Also, "addr" expands to my home address,

tyf - Thank you for your attention in this matter.

fyi - For your information.

Take the time to set them up and you never have to rely on shorthand again. 🙂
 
Ewww. No thanks. I turned off all autocorrect or replacement features years ago. I type every word, to the letter, on all my devices thank you very much. I'd rather correct my own errors than Apples.
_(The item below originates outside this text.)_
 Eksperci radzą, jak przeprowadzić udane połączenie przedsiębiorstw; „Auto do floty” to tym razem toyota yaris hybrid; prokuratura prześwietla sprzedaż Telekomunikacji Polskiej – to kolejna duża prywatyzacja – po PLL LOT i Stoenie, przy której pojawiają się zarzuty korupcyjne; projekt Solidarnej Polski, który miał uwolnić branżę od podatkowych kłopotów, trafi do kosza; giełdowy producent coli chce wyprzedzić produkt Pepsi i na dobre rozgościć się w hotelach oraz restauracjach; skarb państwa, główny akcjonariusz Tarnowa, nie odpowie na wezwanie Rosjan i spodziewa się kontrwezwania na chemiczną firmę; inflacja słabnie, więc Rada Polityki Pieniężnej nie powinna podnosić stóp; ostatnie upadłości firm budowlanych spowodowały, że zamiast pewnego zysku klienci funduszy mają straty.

It all works a lot worse on non-english, and I'd rather keep remembering how to spell.

You are practising WYSIWIT (What You See Is What I Typed).
 
For common words, would strongly recommend using something like "(shrug)” instead of “shrug” in something like this, so you don’t inadvertantly make it impossible to use the normal word anymore.

iMac 2026-02-15 at 9.03.38 AM.png
 
I only had "OMW" and "OTW" from way back in the day when the feature was first added, 12-13 years ago? lol

I just added 10 more from the comments here, now lets see if I can remember to use them!
 
I only had "OMW" and "OTW" from way back in the day when the feature was first added, 12-13 years ago? lol
It's possible they may come back for a visit - I had "omw" that was an example provided by Apple - I deleted it after I finally got around to setting up my own, and Apple very "helpfully" added it back in at least half a dozen times.
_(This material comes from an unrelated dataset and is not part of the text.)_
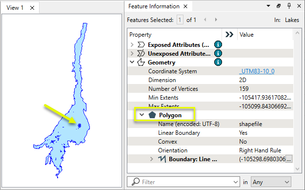 In this example, we have two feature types - lakes and islands. Note that small lakes appear to be present inside the largest lake.

I suspect that when it was sharing around between devices (Mac, iPhone, iPad), it was going "oh, hey, there's this 'omw' on one device that isn't on the others, we'll copy it around for you - you're welcome!" - you know, instead of saying, "oh, hey, this 'omw' shortcut was deleted on one system let's propagate that deletion everywhere".

I haven't seen it in a while, so it might be finally gone, but I'm not going to be super surprised if it pops up again.